CAPSTONE is still going strong after more than six months in lunar orbit.
CAPSTONE, built and operated for NASA by the Colorado company Advanced Space, was designed to help lay the foundation for the future Gateway space station, which will orbit the moon as part of the Artemis program.
In the NRHO, CAPSTONE gets as close as 11,000 miles (17,700 kilometers) to one lunar pole during a near pass and then as far away as 43,500 miles (70,000 km) from the other pole every seven days. The microwave-sized satellite imaged the lunar surface for the first time on May 3, as it made a close pass by the north pole.
Six days later, the CAPSTONE team used the cubesat to test navigation technology similar to GPS on Earth called the Cislunar Autonomous Positioning System (CAPS).

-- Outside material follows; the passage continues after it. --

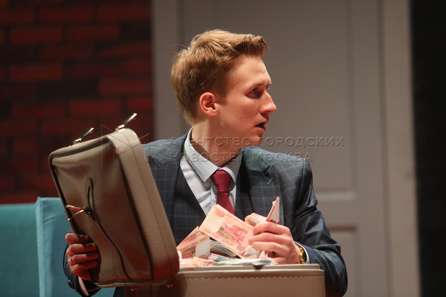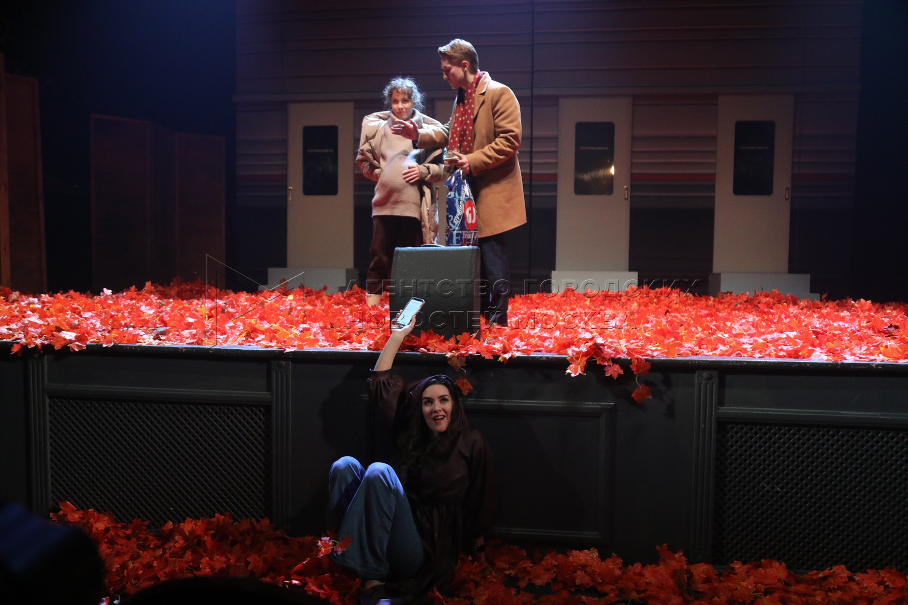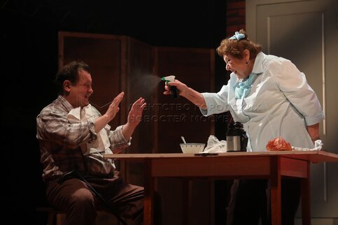 - Описание: Актеры Анастасия Дворянская в роли владелицы брачного агентства Феклы Ивановны, Леонид Громов в роли машиниста поезда на пенсии Ивана Кузьмича Колесина и Кирилл Новышев в роли Ильи Колесина (слева направо) во время показа премьерной комедии «Женитьба. Почти по Гоголю» в постановке Сергея Безрукова в Московском губернском театре.

During the successful May 9 experiment, CAPSTONE teamed up with NASA's Lunar Reconnaissance Orbiter (LRO), which has been circling the moon since 2009. CAPSTONE beamed a signal to LRO, which bounced it back to the tiny spacecraft, where it was converted into a measurement of the distance and relative velocity between the two probes.
It hasn't been all smooth sailing for CAPSTONE since its launch atop a Rocket Lab Electron vehicle on June 28, 2002. The mission team had to troubleshoot issues with the tiny probe's communications and propulsion systems, for example, before getting it successfully into lunar orbit on Nov. 13, 2022.
NASA says that the current "enhanced mission phase" of CAPSTONE will last for around a year and will see the spacecraft continue testing its onboard technology.